I love the author so picked this book up right away. There are a few aspects of this book which seemed ridiculous and over the top (towards the end--I won't spoil anything) but the story of the leper's life is a tragic but hopeful one as he goes from WWII back to Minnesota to Louisiana to Hawaii. At times, it was tough to read but a great story overall. Just don't expect a warm, happy, uplifting book here.
Another good book by a Minnesota author. When I was a young girl, I read with fascination the story of Father Damien and his love of the people stricken with leprosy and his work to help them. This book, although fiction, seems so historically correct. The main character unknowingly contacts leprosy during his stint in the Marines in WW1 and we learn of all the terrible struggles he and others like him had to endure.
a wonderful story of a Minnesota World War I soldier contracting leprosy and the life he lives after that diagnosis- I love this author-I never get the feeling like I do with some authors that he is writing for the money or to be commercial. He has written some excellent books and I would recommend them to almost anyone. This is a book you should pick up when you have some free time because you will not want to stop.

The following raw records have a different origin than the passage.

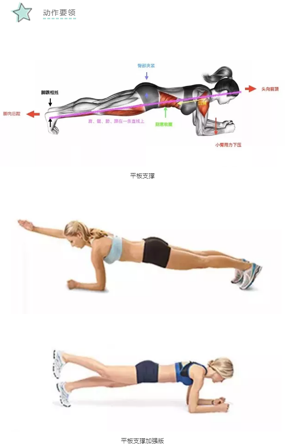 平板支撑加强版:核心收紧,平板支撑基础上可悬空提起一只脚或一只手。
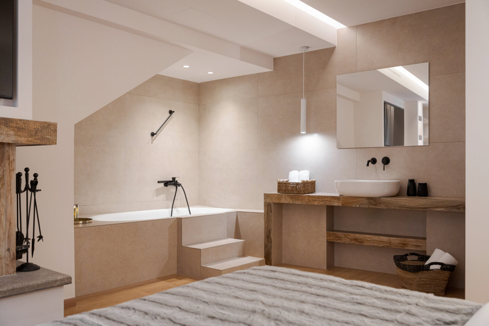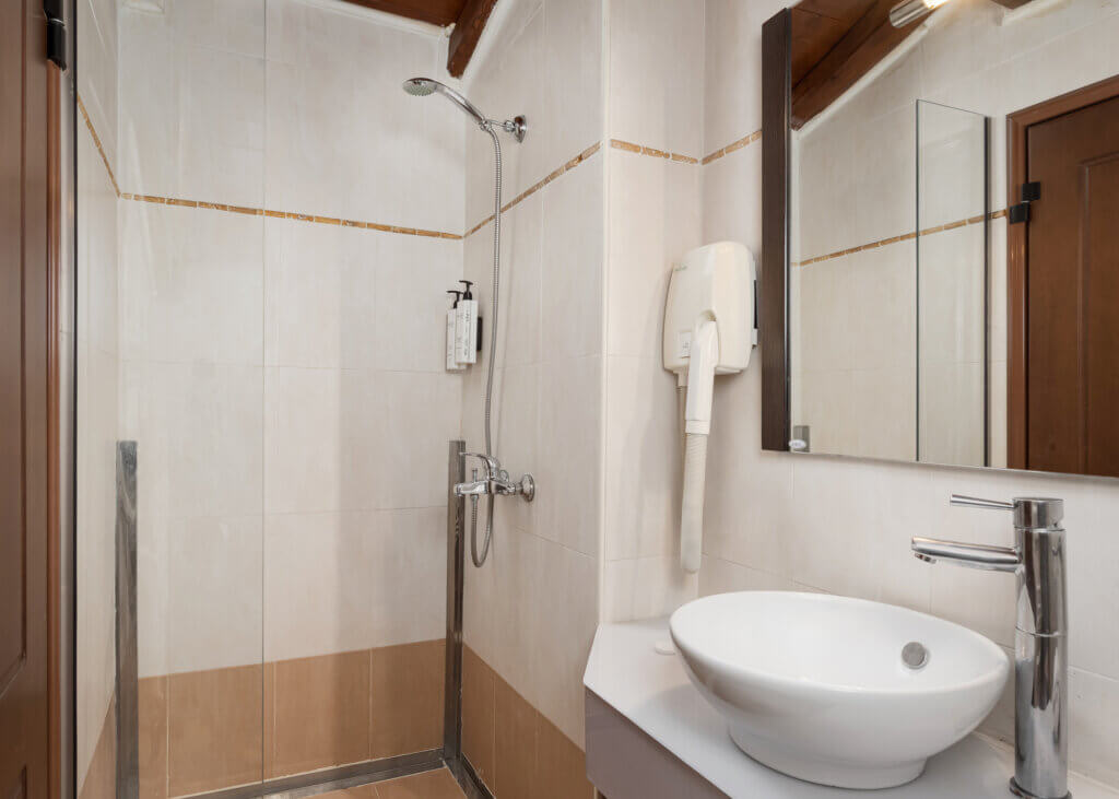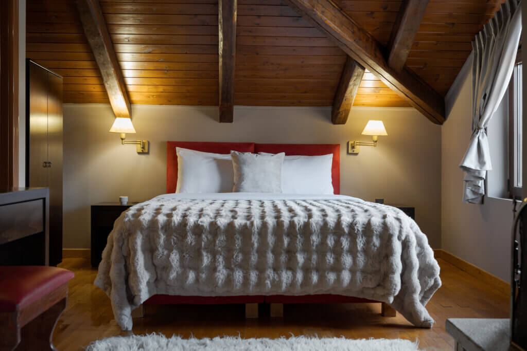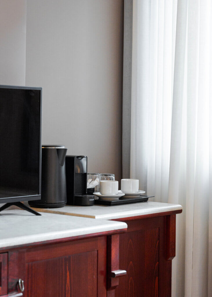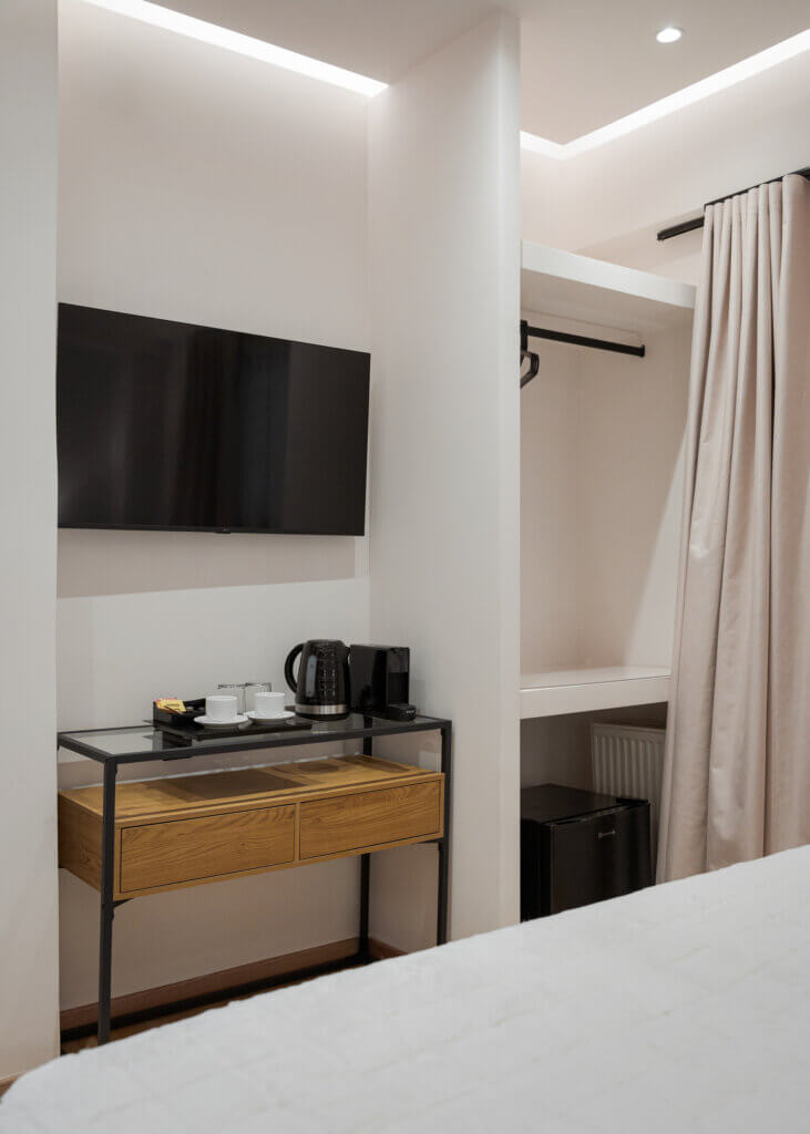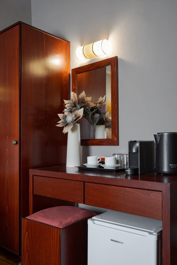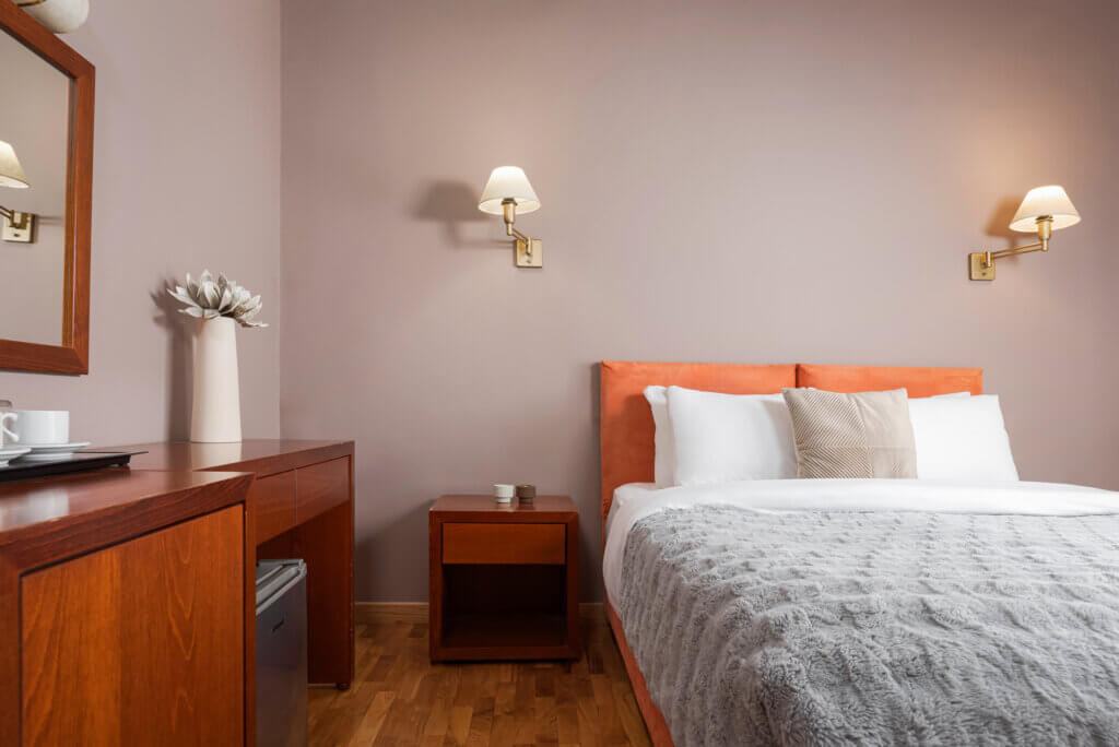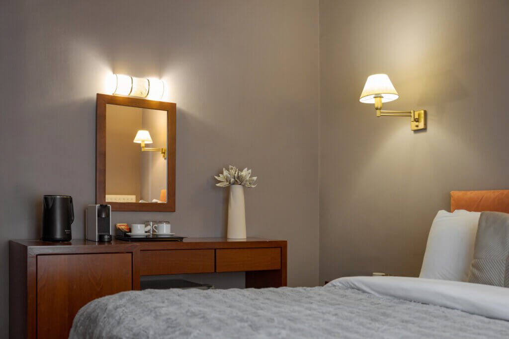 For a touch of added luxury, the Deluxe Double Room offers 22 square meters of space, with a cozy queen-size bed, a modern bathroom with a full shower, and the warm allure of an in-room fireplace – perfect for creating a romantic atmosphere for two.
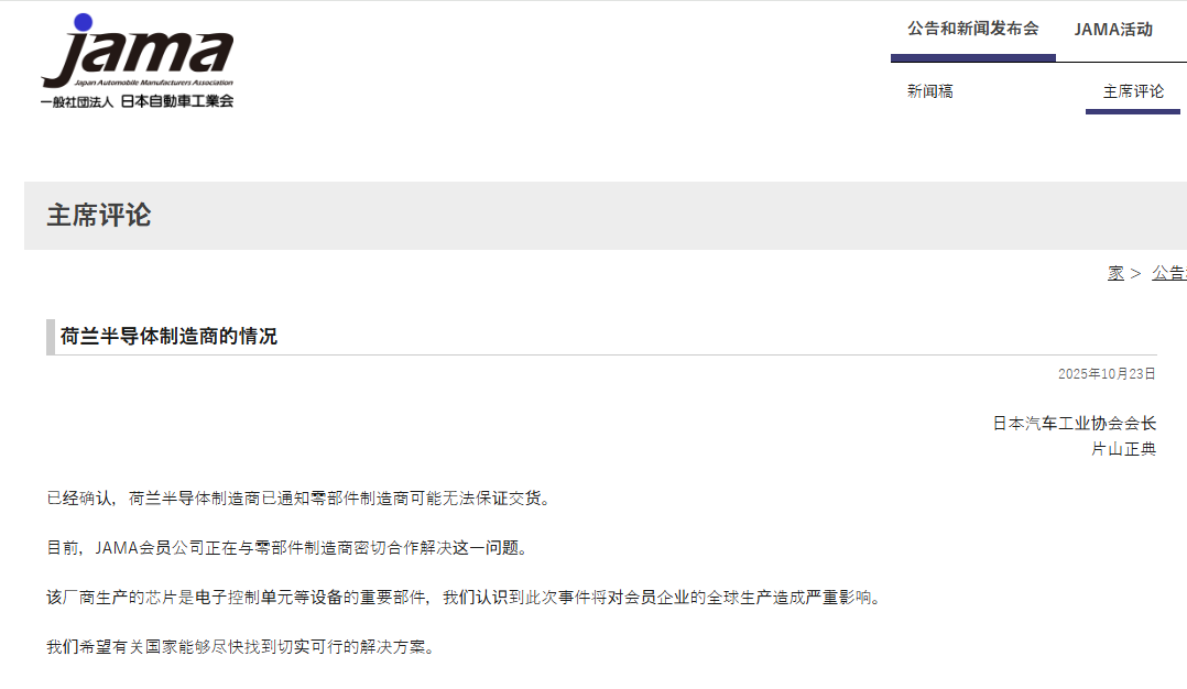 日本汽车工业协会10月23日也发布公告称,经确认,已收到荷兰零部件厂商发来的通知,来自荷兰半导体制造商的产品存在无法保证交付的可能性。目前协会各会员企业正与零部件厂商紧密协作,共同应对此事。该制造商生产的芯片是用于电子控制单元等产品的重要零部件,协会认识到此事将对各会员企业的全球生产造成严重影响。
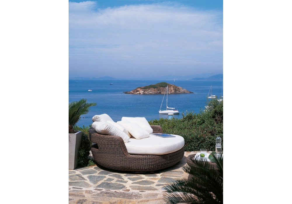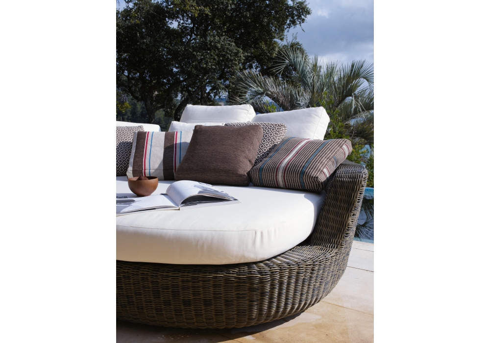 Agorà producido y firmado por Unopiù es un sofá isla con estructura de aluminio y carcasa de fibra sintética waprolace tejida a mano. Los cojines están cubiertos de tela acrílica en diferentes colores. Agorà está disponible en diferentes acabados.
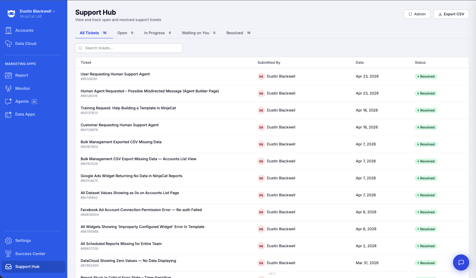 The Support Hub by default shows just tickets that you have submitted. However if your NinjaCat Account has the "System Admin" role assigned to it you also have the ability to see all tickets submitted by your team via the Admin Button. This makes it easy for tSystem Admins to monitor the status of open issues across your organization.

Overall a really good read. There were parts that I felt were a bit unbelievable, just like some TV shows where the good guy survives a hale of bullets, non of which come close to hitting him. But all in all I found it fascinating and at times couldn't put it down. The author obviously had done lots of research about leprosy and the settlement in Hawaii. Would recommend it to anyone interested in this subject.
Never expected what I got fromthis book. All we have to do is here "leper" and we shudder in fear. thayer paints a picture of what life was like in almost modern times. Who knew what are country did to these people? Read, it will intrigue you. May not be the best written book, but is a though provoking issue, even today.
I devoured this book over a weekend. It's one of those that you think, "One more chapter" then next thing you know, it's been 2 hours of reading. Steve has a knack for telling a story, though sometimes he can get a bit more graphic than I care for. Would you ever imagine rooting for a leper? His story makes you feel empathy and yet you feel the main character's rage. Good one.
Interesting. Basicly a love story and the plight of a man having to leave his home and everyone he loves when it is discovered that he has leprosy. I'm sure alot of research went into this book and there are quite a few interesting facts that one would not be familiar with. It was exciting and moved along quickly. I have read this author before and will again.
A compelling read about courage and survival in the face of physical, moral and political adversity. Well developed characters that make you care about how their lives will turn out and no "giveaways" or predictable endings to tie up everything in a neat and precise bow. This book tugged at my heart in the best of ways -by telling a believable story set within a real phase of our history.